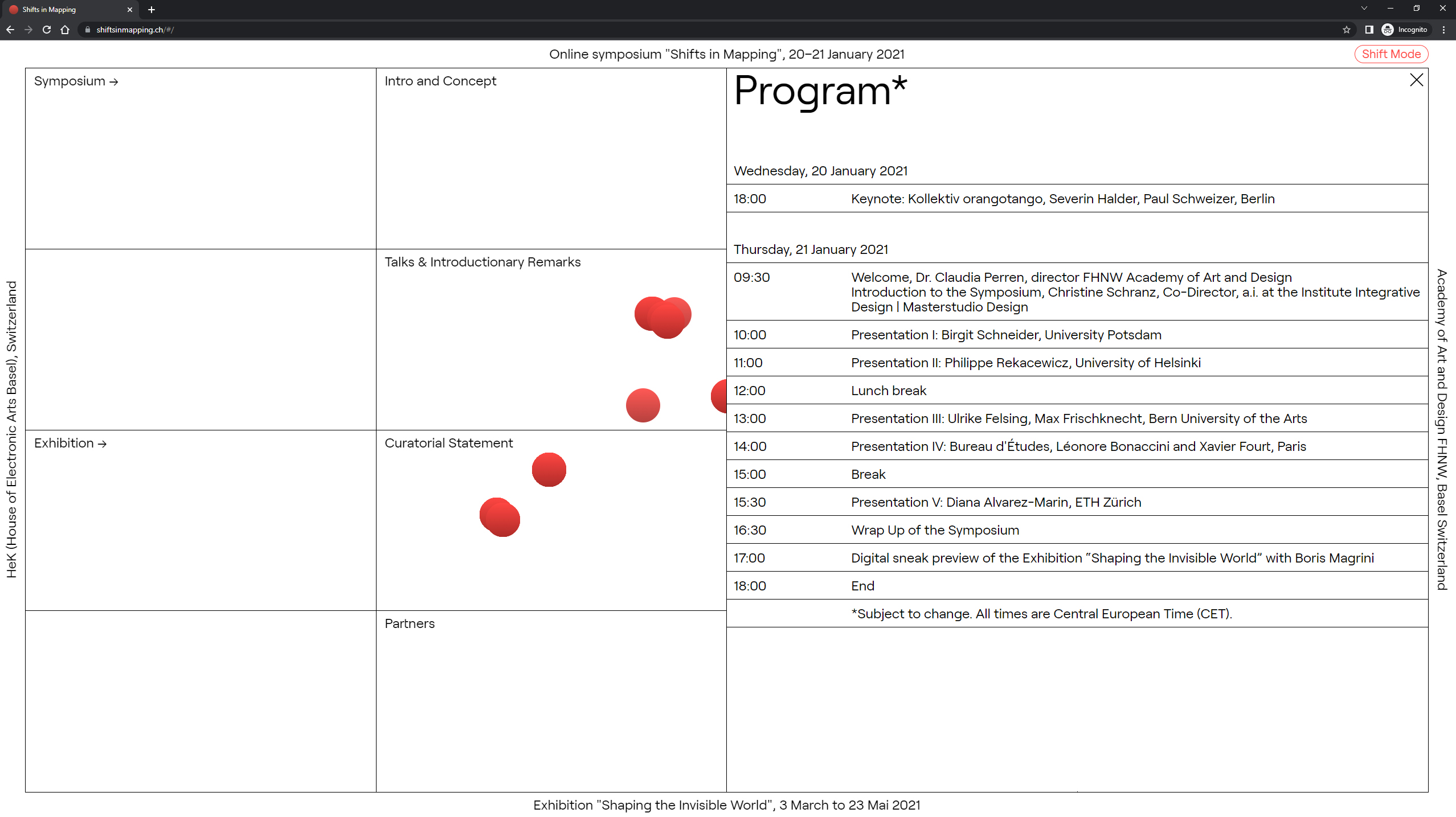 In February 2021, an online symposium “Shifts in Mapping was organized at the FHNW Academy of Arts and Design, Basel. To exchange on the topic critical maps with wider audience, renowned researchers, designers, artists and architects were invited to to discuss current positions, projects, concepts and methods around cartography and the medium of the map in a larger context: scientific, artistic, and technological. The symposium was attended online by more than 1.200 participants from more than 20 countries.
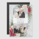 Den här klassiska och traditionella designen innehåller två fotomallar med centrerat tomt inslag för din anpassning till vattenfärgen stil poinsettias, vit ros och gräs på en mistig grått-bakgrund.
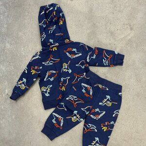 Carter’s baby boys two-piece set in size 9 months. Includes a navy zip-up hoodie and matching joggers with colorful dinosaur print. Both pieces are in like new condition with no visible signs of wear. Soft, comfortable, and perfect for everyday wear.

◆ **TASK PROMPT**
Would you please copy the material exactly, leaving all the pictures out?

◆ **ANSWER BOX**
 In February 2021, an online symposium “Shifts in Mapping was organized at the FHNW Academy of Arts and Design, Basel. To exchange on the topic critical maps with wider audience, renowned researchers, designers, artists and architects were invited to to discuss current positions, projects, concepts and methods around cartography and the medium of the map in a larger context: scientific, artistic, and technological. The symposium was attended online by more than 1.200 participants from more than 20 countries.
 Den här klassiska och traditionella designen innehåller två fotomallar med centrerat tomt inslag för din anpassning till vattenfärgen stil poinsettias, vit ros och gräs på en mistig grått-bakgrund.
 Carter’s baby boys two-piece set in size 9 months. Includes a navy zip-up hoodie and matching joggers with colorful dinosaur print. Both pieces are in like new condition with no visible signs of wear. Soft, comfortable, and perfect for everyday wear.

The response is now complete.